EHESS: Archives of historical musicology: blind and deaf musicians in Europe, from the medieval to the classical period

Lecture at the École des Hautes Études en Science Sociale (EHESS): “Archives of historical musicology: blind and deaf musicians in Europe, from the medieval to the classical period”
In the field of historical musicology, few academic texts bring together in a single volume the archives of disabled musicians from periods prior to classicism.
In medieval times, blind people who had access to musical training provided by their parents or churches could make a career out of it, in turn training musicians who recounted the stories of their teachers. There are also records of musicians who gradually became deaf and continued to make a living from their profession in the classical era.
How did musical training evolve in medieval times? How did the opening of specialized institutions transform musical practices in the medieval and Renaissance periods? What compositional techniques and musical practices were developed by blind music professionals? When do we find traces of the first deaf musicians and composers?
This presentation opens the doors to the archives of the medieval, baroque, romantic, and classical periods, tracing the footsteps of these blind and deaf musicians who left their mark.
For the fourth year, the seminar “Constructing a history of disability and deafness through the centuries” attempts to respond to an observation: Deaf History (the history of deafness), Disability History (the history of disability), and Mad History (the history of madness or mental disorders) have each developed their own international scientific networks and their own epistemologies with a certain degree of distance or even compartmentalization.
The aim of this seminar is therefore to bring together research that is often carried out in parallel and to build a scientific network that transcends current boundaries, notably by bringing together historians who, over the last twenty years, have been renewing the three fields of research through new approaches, methods, and subjects. Scientific communities interested in the history of disability, deafness, and mental disorders in the French-speaking world have tended to be built around specific themes (blindness, deafness, psychiatry) or historical periods and cultural areas (the history of disability in the 20th century, or in medieval Europe).
In contemporary times, these research communities have taken divergent paths. On the deafness side, historiography has based its approaches on a socio-anthropological conception of deaf people and sign language, leaving the concept of deafness tied to a medical history of disability or, at the very least, to a history of technical and institutional categories and their critique. In the field of disability history, some research has focused on the institutional history of disability and public policies for its management.

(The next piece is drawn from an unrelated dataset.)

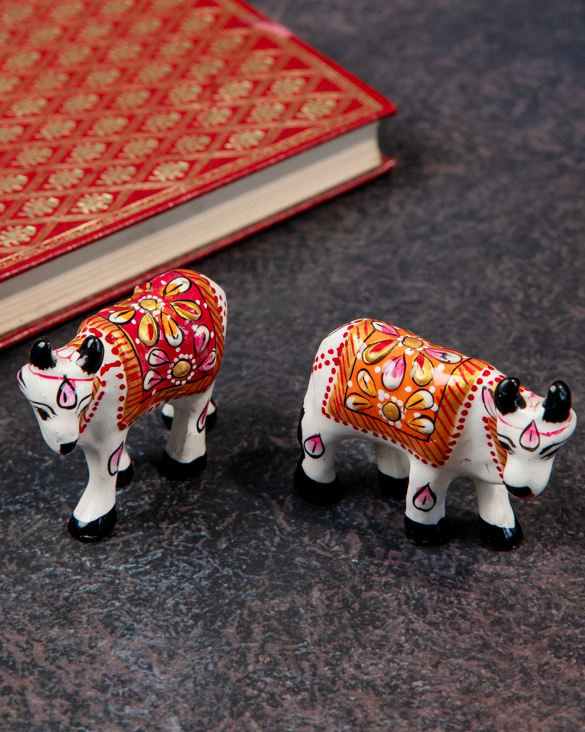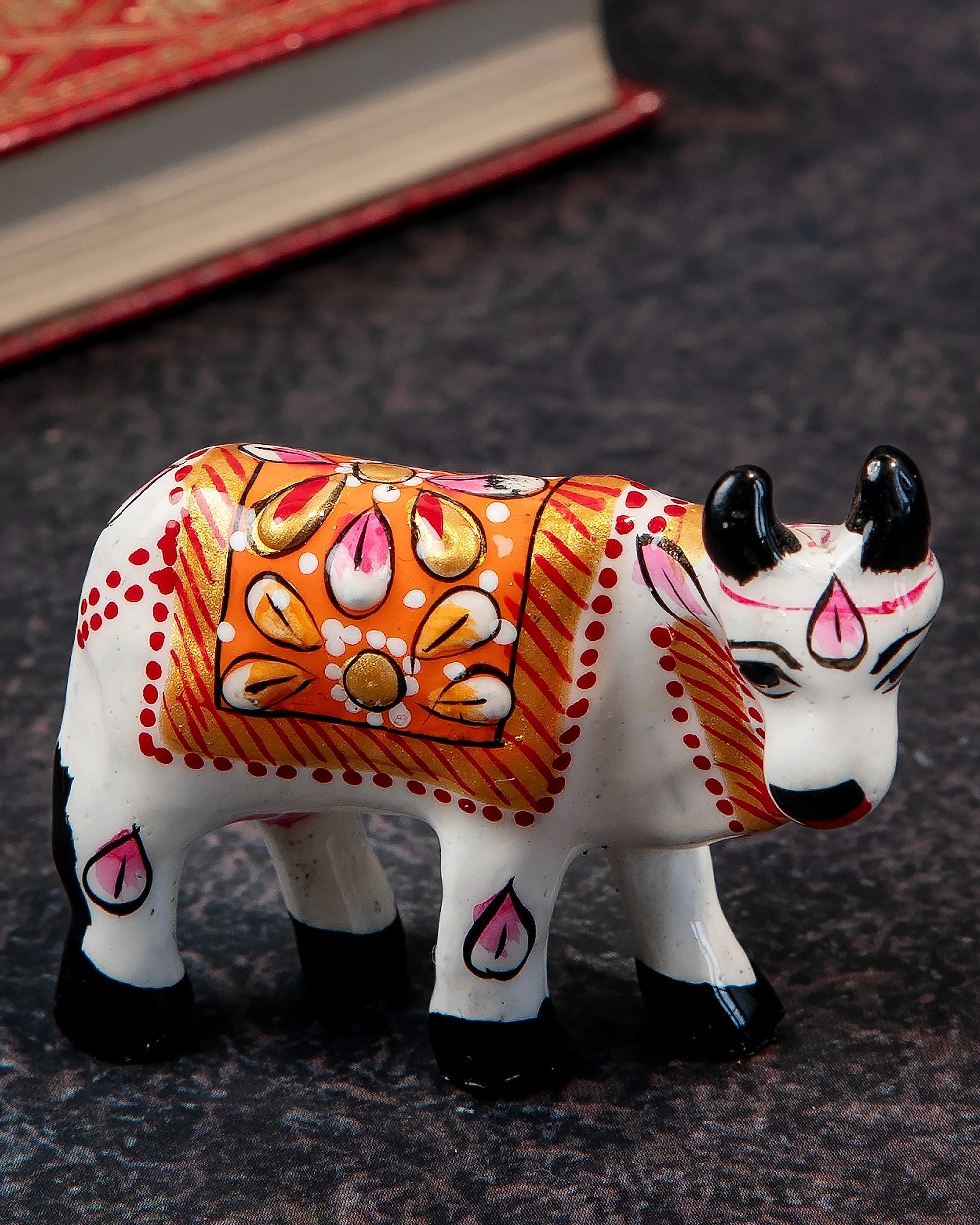 Hand-Painted Cow folk-art figurine crafted from fine metal and embellished with vivid enamel design. With its glossy finish and intricate Meenakari detailing, this artefact serves as a captivating décor accent or a meaningful gift—In Hindu Culture, the cow is the symbol of fertility, wealth, and selfless giving (often referred to as Kamadhenu or the wish-fulfilling cow)

While the histories of disability and deafness are intertwined in contemporary times (the origins of education for the deaf and blind date back to the 18th century, and deaf people fought alongside blind people for the right to free, secular, and compulsory education in the 1930s), the historiographies of the two rarely intersect. The central themes diverge depending on the period: researchers interested in the medieval and modern periods pay considerable attention to the influence of religion, which is not the case for the contemporary period. Historical literature on the contemporary period has evolved from an interest in public policy, the actions of educational or associative institutions, or biographical trajectories (of major historical figures such as doctors or educators) to transnational or more biographical approaches, or to more intersectional approaches that take gender or race into account. Some historical works are beginning to integrate the intersectional paradigm into their research, where “disability” is conceptualized as one of the multiple identity characteristics of the individual. In the field of Mad History, historiography has recently focused on therapeutic alternatives to institutionalization, the life trajectories of those affected, and the relationships between institutions and families.